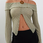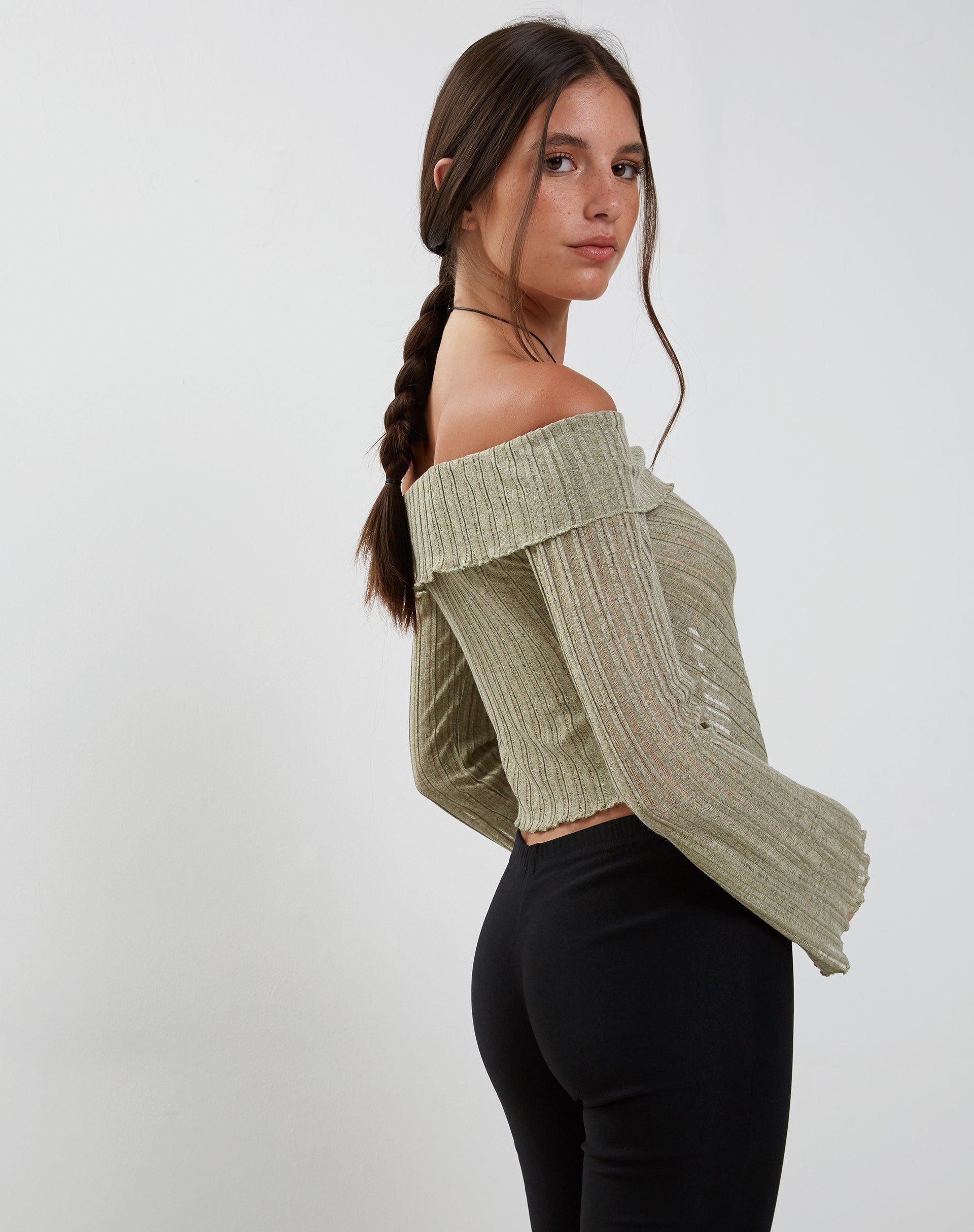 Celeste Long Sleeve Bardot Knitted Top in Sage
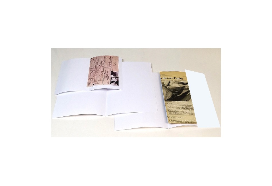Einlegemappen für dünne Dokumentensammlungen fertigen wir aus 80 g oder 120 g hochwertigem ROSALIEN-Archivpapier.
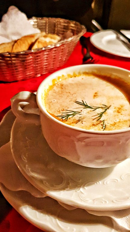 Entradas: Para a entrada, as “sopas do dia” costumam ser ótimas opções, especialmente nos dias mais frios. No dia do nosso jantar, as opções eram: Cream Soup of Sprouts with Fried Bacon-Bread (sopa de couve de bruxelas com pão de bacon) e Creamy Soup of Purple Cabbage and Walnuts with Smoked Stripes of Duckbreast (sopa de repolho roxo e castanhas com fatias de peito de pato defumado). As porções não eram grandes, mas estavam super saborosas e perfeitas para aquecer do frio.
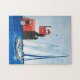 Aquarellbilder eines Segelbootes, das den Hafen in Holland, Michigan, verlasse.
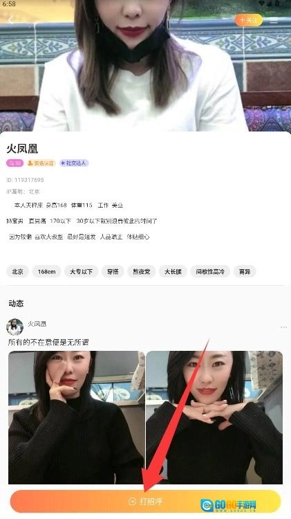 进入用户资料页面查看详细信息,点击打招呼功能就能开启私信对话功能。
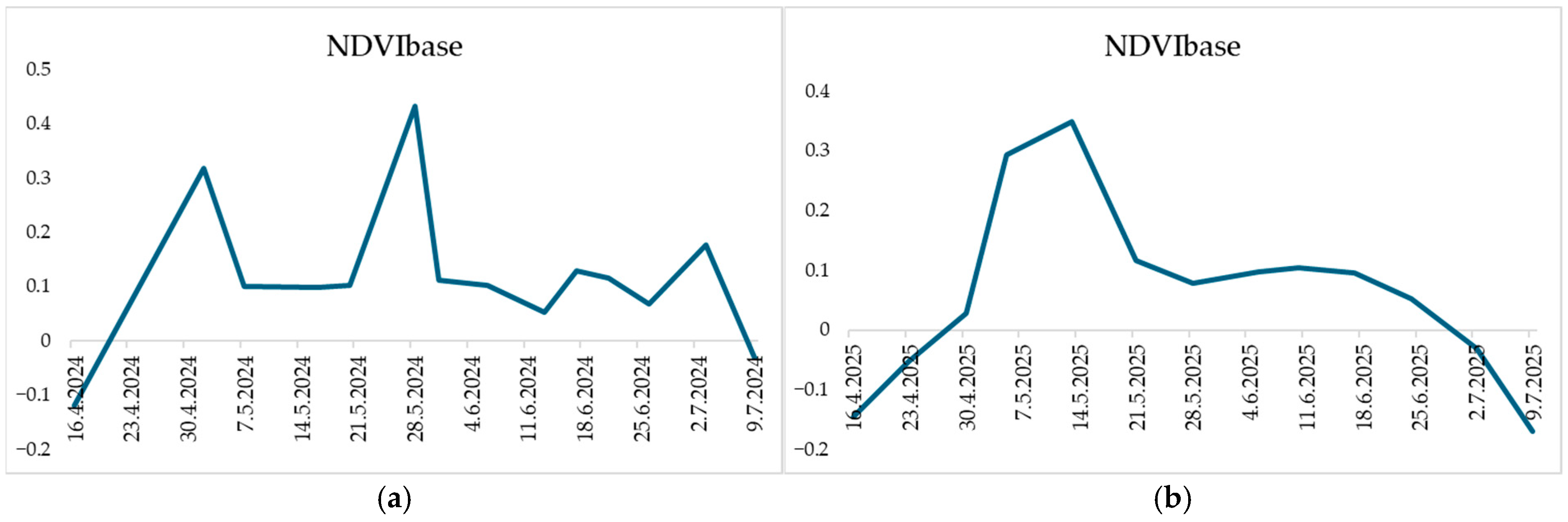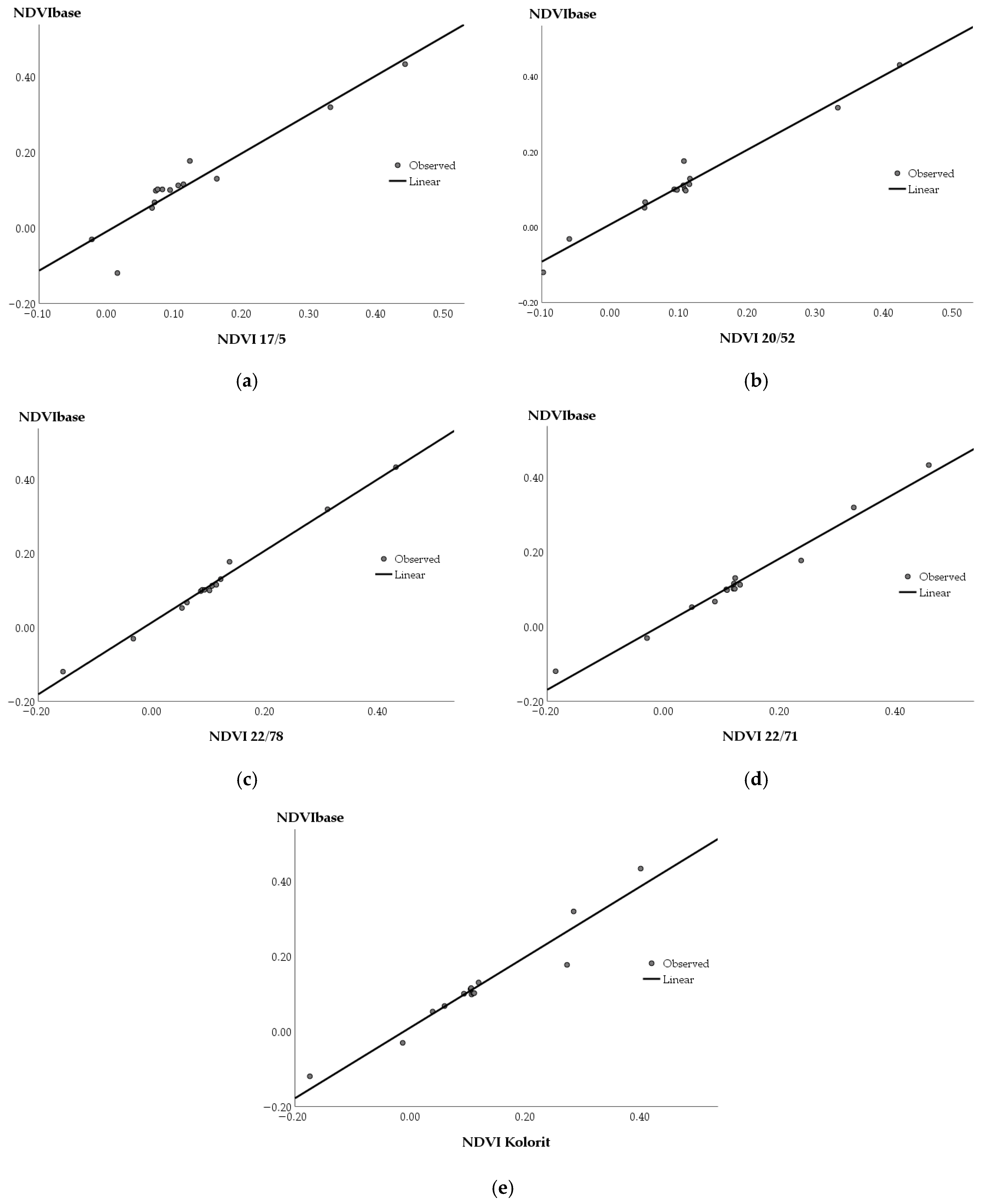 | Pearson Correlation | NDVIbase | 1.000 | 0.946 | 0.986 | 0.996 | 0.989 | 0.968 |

= = = = = = =

• _WHAT YOU NEED TO DO_: The listing above is to be retyped word for word, with the pictures omitted.

• _TASK ANSWER_:
 Celeste Long Sleeve Bardot Knitted Top in Sage
Einlegemappen für dünne Dokumentensammlungen fertigen wir aus 80 g oder 120 g hochwertigem ROSALIEN-Archivpapier.
 Entradas: Para a entrada, as “sopas do dia” costumam ser ótimas opções, especialmente nos dias mais frios. No dia do nosso jantar, as opções eram: Cream Soup of Sprouts with Fried Bacon-Bread (sopa de couve de bruxelas com pão de bacon) e Creamy Soup of Purple Cabbage and Walnuts with Smoked Stripes of Duckbreast (sopa de repolho roxo e castanhas com fatias de peito de pato defumado). As porções não eram grandes, mas estavam super saborosas e perfeitas para aquecer do frio.
 Aquarellbilder eines Segelbootes, das den Hafen in Holland, Michigan, verlasse.
 进入用户资料页面查看详细信息,点击打招呼功能就能开启私信对话功能。
 | Pearson Correlation | NDVIbase | 1.000 | 0.946 | 0.986 | 0.996 | 0.989 | 0.968 |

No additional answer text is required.